Your objective
Would you please output all the records exactly as given? Pictures should not appear in the copy.

━━━━━━━━

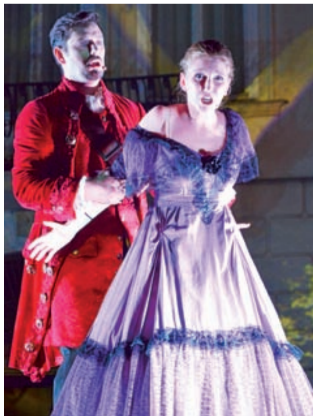
Tytułowy bohater z Donną Elwirą, którą rozkochał, wykorzystał, porzucił – a potem chciał „pocieszyć”.
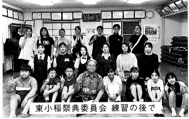
東小稲祭典委員会 練習の後で
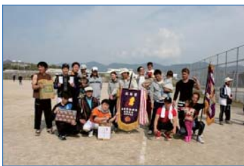
☆ 優勝 廿日市地区
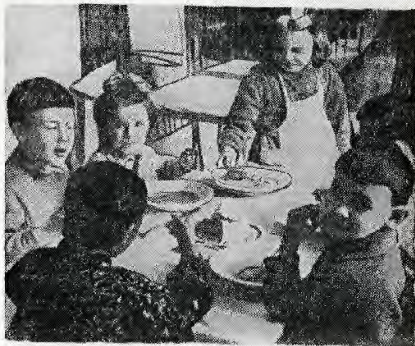
Кезекші Тая тамақ тасып жүр.

ды. Совет ата-аналарын да, олардың көзінің нұры балаларын да осындай алаңсыз өмірге жеткізіп, тәрбиелеп, мәпелеп отырған Советтік Отанға, туысқан Коммунистік партияға шын көңілімен алғыс жаудырады. Шынында да, бұл алаңсыз өмір тек қана біздің еліміз
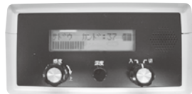
受信器操作パネル
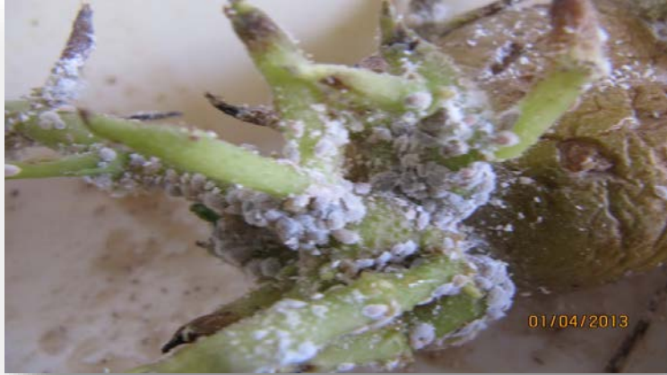
Citrus mealybug individuals
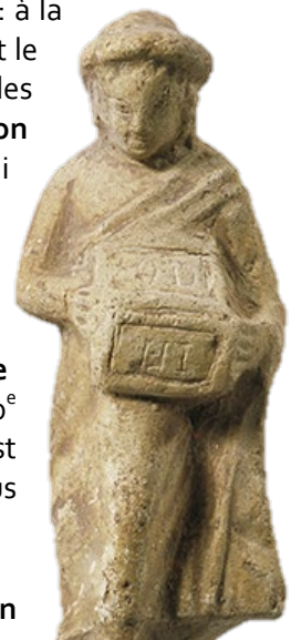
Statuette de jeune garçon.

Fruit d'une collaboration entre scientifiques de l'École suisse d'archéologie en Grèce et l'équipe du musée cantonal , l'exposition permet aussi de découvrir les moyens développés par le MCAH et les chercheurs pour initier petits et grands à cette actualité brûlante de l'archéologie.
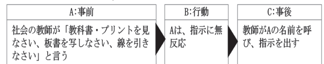
Fig.1 授業中の問題の三項随伴性

期以降は発生していなかった。授業観察を「教科書を開く、板書を写す等の教師の指示に10秒以内に正反応」を標的行動として実施した結果、正反応率75%以下が2回あった。正反応率(%)は、Aの正反応の回数を教師の指示の回数で割り、100を掛けることによって算出した。この問題の三項随伴性をFig.1に示す。支援では、TがAに授業で使う語彙・背景知識とその教科を学ぶ意味を説明し、指示に対応した正反応をシェイピングした。
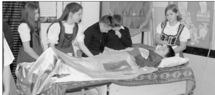
„Restaurant Eierspeisen“ der Ersten Altöfener Grundschule
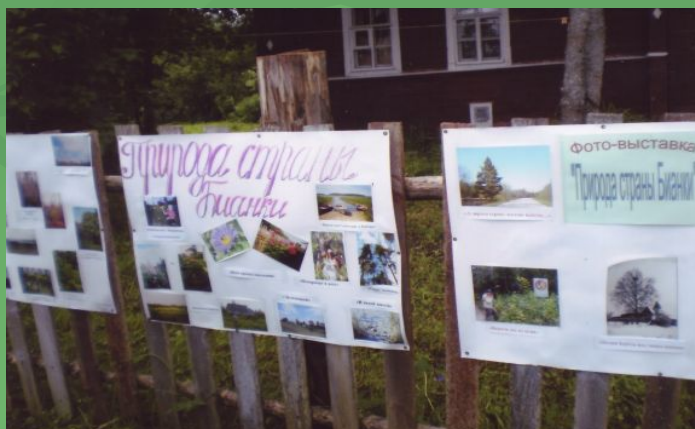
Наши работы на выставке

━━━━━━━━

Exercise result
Tytułowy bohater z Donną Elwirą, którą rozkochał, wykorzystał, porzucił – a potem chciał „pocieszyć”.
東小稲祭典委員会 練習の後で
☆ 優勝 廿日市地区
Кезекші Тая тамақ тасып жүр.

ды. Совет ата-аналарын да, олардың көзінің нұры балаларын да осындай алаңсыз өмірге жеткізіп, тәрбиелеп, мәпелеп отырған Советтік Отанға, туысқан Коммунистік партияға шын көңілімен алғыс жаудырады. Шынында да, бұл алаңсыз өмір тек қана біздің еліміз
受信器操作パネル
Citrus mealybug individuals
Statuette de jeune garçon.

Fruit d'une collaboration entre scientifiques de l'École suisse d'archéologie en Grèce et l'équipe du musée cantonal , l'exposition permet aussi de découvrir les moyens développés par le MCAH et les chercheurs pour initier petits et grands à cette actualité brûlante de l'archéologie.
Fig.1 授業中の問題の三項随伴性

期以降は発生していなかった。授業観察を「教科書を開く、板書を写す等の教師の指示に10秒以内に正反応」を標的行動として実施した結果、正反応率75%以下が2回あった。正反応率(%)は、Aの正反応の回数を教師の指示の回数で割り、100を掛けることによって算出した。この問題の三項随伴性をFig.1に示す。支援では、TがAに授業で使う語彙・背景知識とその教科を学ぶ意味を説明し、指示に対応した正反応をシェイピングした。
„Restaurant Eierspeisen“ der Ersten Altöfener Grundschule
Наши работы на выставке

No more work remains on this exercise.